** Opening GIVEN MATERIAL block **

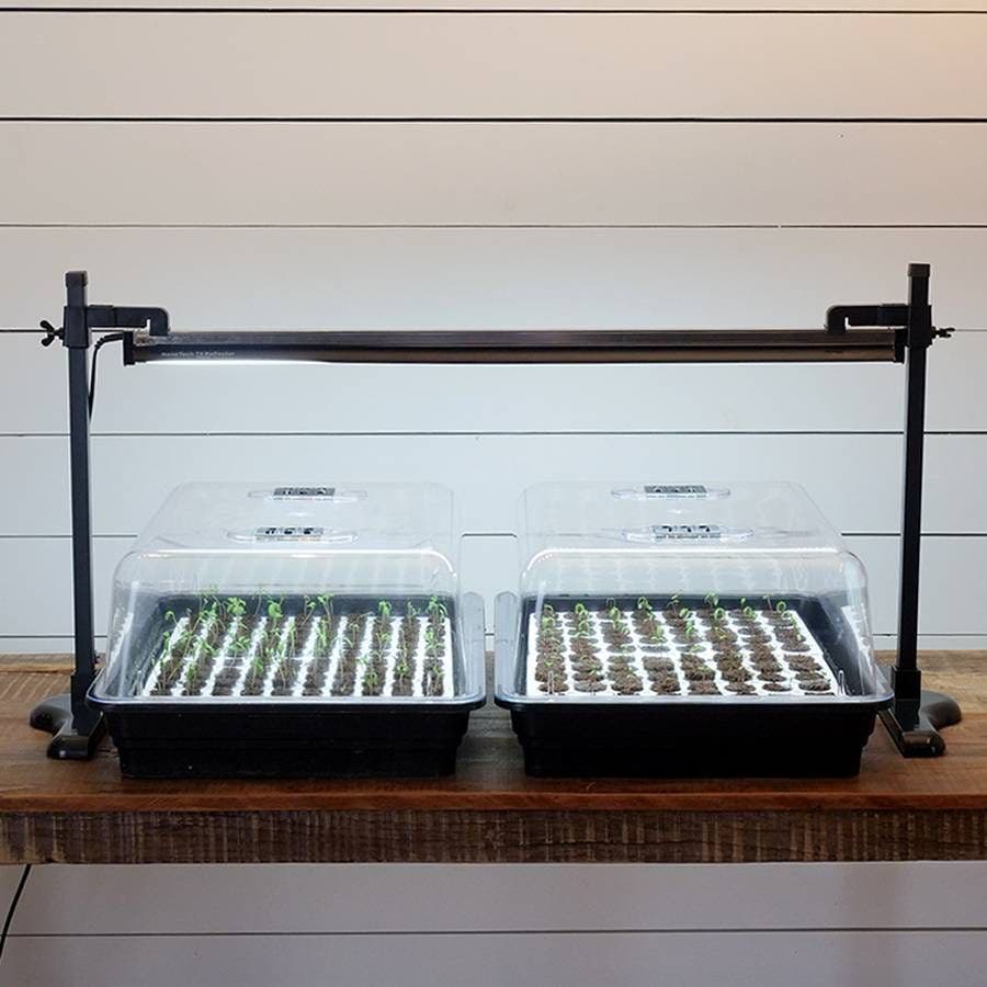 We love this universal light stand, and so will you. It's simple, lightweight, very durable, and completely adjustable. It puts light just where you need it, so your seedlings and plants grow their best. It's easy to use and endlessly versatile. We think you'll get a lifetime of hard wear out of it, and we highly recommend it for starting seeds indoors, growing on seedlings before the season, and overwintering tropicals, tenders, and houseplants.
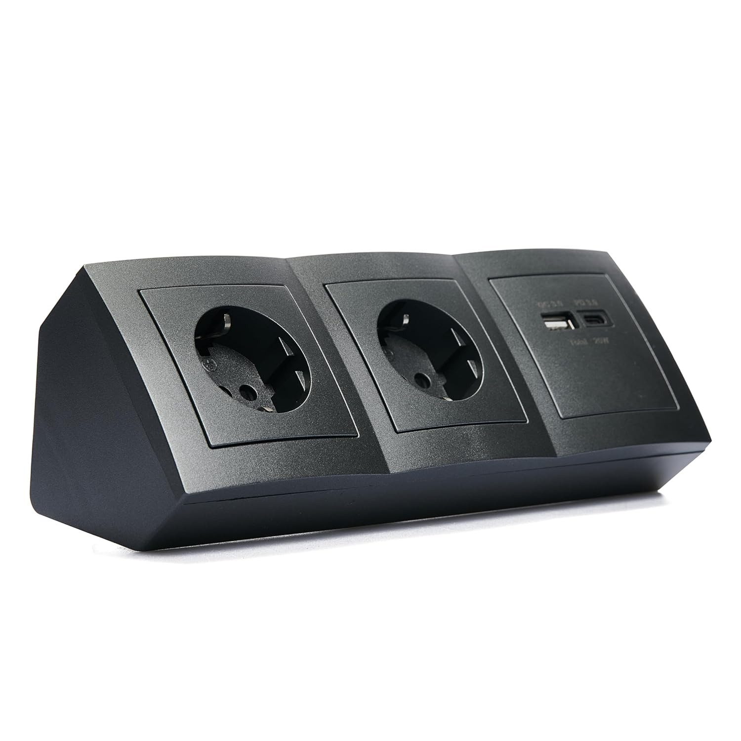 Steckdosenblock McPower "Flair" Aufbau, 2-fach Schutzkontakt + 2x USB A+C
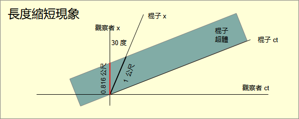 相對論從提出到現在已經超過100年。當愛因斯坦提出相對論時物理界對時空的理解尚停留在力學的會隨時間變化的三維空間的觀念上。以至於除了閔考斯基,其他的物理學者對於相對論中推導出的許多現象的理解是錯的。這些錯誤流傳到今天仍然在書籍裡、課堂中繼續誤導學生。長度收縮(length contraction)的觀念就是其中之一。 在相對論的解說中,通常會提到長度收縮這個觀念。簡單的說,就是當一個物體與觀察者有相對速度,物體的長度會變短。這個現象稱為長度收縮。 長度收縮這個觀念最早是由費茲傑羅(George Francis FitzGerald)與勞崙茲(Hendrik Lorentz)提出來解釋邁克生-莫雷(Michelson-Morley)實驗結果所提出的解釋。基本觀念是運動中的物體沿運動方向的長度會收縮。收縮後的長度是原長/勞崙茲因子。其中原長(proper length)是物體靜止時的長度。而勞崙茲因子是 從邁克生-莫雷實驗結果證明長度收縮所描述的現象確實存在。問題是物體長度為什麼會收縮?是物體長度真的收縮?還是因為人類觀察的干擾而收縮?還是人類的錯覺?還是什麼其他原因? 事實在勞崙茲提出長度收縮之前,黑維塞(Oliver Heaviside)推導出靜電場會因速度而從球形變成橢球形。速度是相對速度。不同的相對速度,橢球形狀不同。因此靜電場的形狀與相對速度相關。形狀是相對的。 為了解釋這個現象,勞崙茲認為構成物體的原子之間的距離縮短。 在愛因斯坦提出相對論之後,愛因斯坦提出的解釋是由於閔考斯基度量,以勞崙茲變換可以證明長度會因相對速度而收縮。 所謂長度收縮所描述的長度縮短現象確實存在。但是我認為這個現象不應該理解為長度收縮。也就是說,長度收縮這個觀念是錯的。 以一個簡單的比喻來說。有一塊長方形的木板。寬度1公尺。有一個人拿尺量木板的寬度。但是沒有與寬邊平行測量。而是與寬邊傾斜30度測量。測出的值是1.154公尺。於是這個人宣稱發現了「寬度伸長」現象與規律。測量的值的確變大了,但是木板的寬度其實並沒有伸長。其他人只會認為這個人測量斜了。而且當物體不是長方形,就不符合「寬度伸長」的規律。 長度縮短以閔考斯基空間來理解就變得很簡單。有一個慣性觀察者甲及一根長1公尺的棍子。棍子的四維路徑向甲的x軸方向傾斜30度。對甲而言,棍子的長度不是1公尺,而是0.816公尺。為什麼? 在「四維空間中人類如何觀察物體」中說過,人類觀察物體的長度是四維超體在觀察者垂直三維空間切體的長度。然而只有物體四維路徑的垂直三維空間切體長度才是物體的真正長度,稱為原長(proper length)。當物體的四維路徑與觀察者的四維路徑存在夾角,也就是斜了,觀察者的三維垂直空間與物體的三維垂直空間也斜了。測量的長度自然不是原長。所以長度變短現象的真正原因是量斜了,而不是什麼特殊的長度收縮。 為什麼量斜了會變短而不是變長呢?這是因為閔考斯基度量中的相減而不是歐幾米得度量的相加所導致的差異。 |

** Closing GIVEN MATERIAL block **

= WHAT YOU SHOULD DO =
Your reply should contain only an exact copy of the lines from the beginning of the material through the line with "Schutzkontakt + 2x USB A+C", both ends included, with the pictures removed.

= OUTPUT =
 We love this universal light stand, and so will you. It's simple, lightweight, very durable, and completely adjustable. It puts light just where you need it, so your seedlings and plants grow their best. It's easy to use and endlessly versatile. We think you'll get a lifetime of hard wear out of it, and we highly recommend it for starting seeds indoors, growing on seedlings before the season, and overwintering tropicals, tenders, and houseplants.
 Steckdosenblock McPower "Flair" Aufbau, 2-fach Schutzkontakt + 2x USB A+C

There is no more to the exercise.